上述技术方案中, 所述的盐是指生理上可接受的盐, 即本发明的化合物的有机盐和无 机盐。 生理上可接受的盐在所属领域是为本领域技术人员所熟知的。 生理上可接受的盐包 括但并不限于, 无机酸盐如盐酸盐、 氢溴酸盐、 磷酸盐、 硫酸盐、 高氯酸盐等, 以及有机 酸盐如富马酸盐、 乙酸盐、 草酸盐、 马来酸盐、 酒石酸盐、 柠檬酸盐、 琥珀酸盐、 丙二酸 盐等, 或通过文献所记载的其他方法如离子交换法所得到的盐。 In the above technical scheme, the salt means a physiologically acceptable salt, that is, an organic salt and an inorganic salt of the compound of the present invention. Physiologically acceptable salts are well known in the art to those skilled in the art. Physiologically acceptable salts include, but are not limited to, mineral acid salts such as hydrochlorides, hydrobromides, phosphates, sulfates, perchlorates, and the like, and organic Acid salts such as fumarate, acetate, oxalate, maleate, tartrate, citrate, succinate, malonate, etc., or by other methods described in the literature, such as ion exchange The salt obtained.

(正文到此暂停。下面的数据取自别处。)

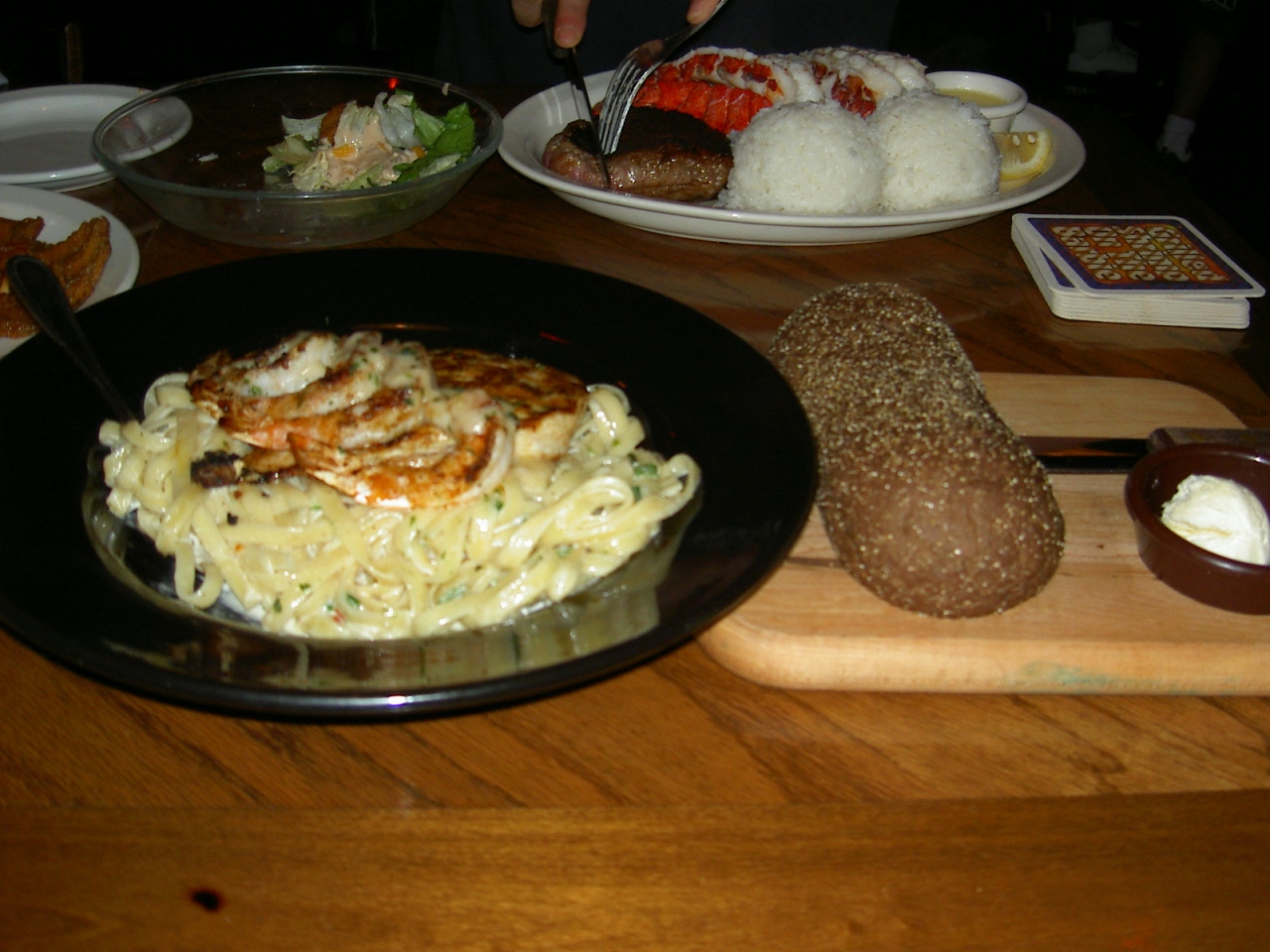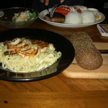 ようやく案内され、主人はロブスター&ステーキのメニューを私は画像のようにエビのパスタを頼みました。パンもついてくるとは知らず、すごい量だったので結局お持ち帰りパックにしてもらいました。主人が頼んだステーキとロブスターはとってもおいしかったです。

本发明提供的所述化合物的制备方法为: 以通式 ( 1 -1 )所示化合物为起始原料, 进 行缩合反应得到单酯类化合物( 1 -2 ), 然后再进行缩合反应得通式( I )所述的双酯类化 合物。  The preparation method of the present invention is as follows: a compound represented by the general formula (1-1) is used as a starting material, and a condensation reaction is carried out to obtain a monoester compound (1-2), and then a condensation reaction is carried out to obtain a general formula. The diester compound described in (I).
Figure imgf000006_0001
Figure imgf000006_0001
( 1 -1 ) ( 1 -2 ) ( I ) 上述制备方法中, 根据取代基 、 R2或 R3的不同, 相应的酯化过程分别优选为: 酯化取代基为 Ri时, 反应物为醇 HOCH2(CH2)mCH2OCH2(CH2)nCH3 ( m、 n的限定 同前), 以 N-甲基吡咯垸酮为溶剂, 在三乙胺存在的环境下, Ν,Ν'-二环己基碳二亚胺为络 合剂进行脱水缩合反应, 反应过程中反应温度为 70°C-110°C , 反应时间为 7-15个小时。 (1 -1 ) ( 1 -2 ) ( I ) In the above preparation method, depending on the substituent, R 2 or R 3 , the respective esterification processes are preferably: when the esterification substituent is Ri, the reactant is Alcohol HOCH 2 (CH 2 )mCH 2 OCH 2 (CH 2 ) nCH 3 (m, n is as defined above), using N-methylpyrrolidone as solvent, in the presence of triethylamine, hydrazine, hydrazine '-Dicyclohexylcarbodiimide is a complexing agent for dehydration condensation reaction. The reaction temperature during the reaction is 70 ° C - 110 ° C, and the reaction time is 7-15 hours.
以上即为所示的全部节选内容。